The result obtained shows the synergistic effect between EPS and citric acid on the solubilization of phosphate: it is being reaffirmed that phosphate solubilization is involved with the production of organic acids as described by Goldstein [44] and Rashid et al. [45]. However, P-solubilization is a complex phenomenon, which depends on many factors such as nutritional, physiological and growth conditions of the culture.
In relation to our results, it would be interesting to know to what extent and how the monosaccharide composition and the presence of complex sugar may be essential to the survival and metabolic activity of strain TF7 in arid soils. Moreover, it would be important to analyze how TF7 strain may act as a PGPR, which would interact with the wheat rhizosphere by producing secondary metabolites.

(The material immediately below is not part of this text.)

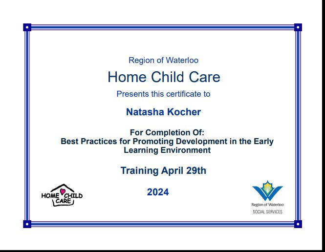 I strive to make my home a welcoming, inclusive space where families feel truly seen and supported. I value diversity, kindness, and community, and I work to create an environment where children learn not just academic skills, but how to care for themselves, for others, and for the world around them.
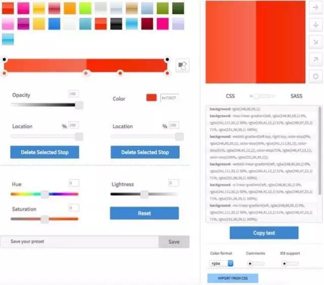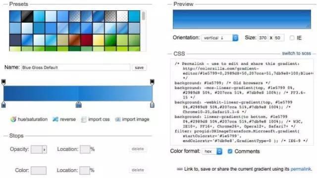 這是一個(gè)完全免費(fèi)的工具,而且擁有類似Photoshop一樣的視覺編輯器,可以生成漸變代碼。你可以通過在漸變箱中移動(dòng)滑塊的方式來改變色彩位置,并且生成CSS代碼。你也可以用它在漸變中添加或是移除顏色,并且改變方向。

These molecules present the highest capacity for carrying biological information since they have the greatest potential for structural variability and constitute a direct response to selective pressures and logic of the environment.
PGPRs are an important environmental factor in the development and maintenance of metabolic activities of plants and are able to promote and enhance plant growth through the compounds released into the rhizosphere. This interaction also depends on the plant, which, through its root exudates, changes the environment in the rhizosphere and thus promotes the development of specific microorganisms.
Acknowledgments
We thank A.-L. Pablo for her technical assistance with PCR and sequencing experiment.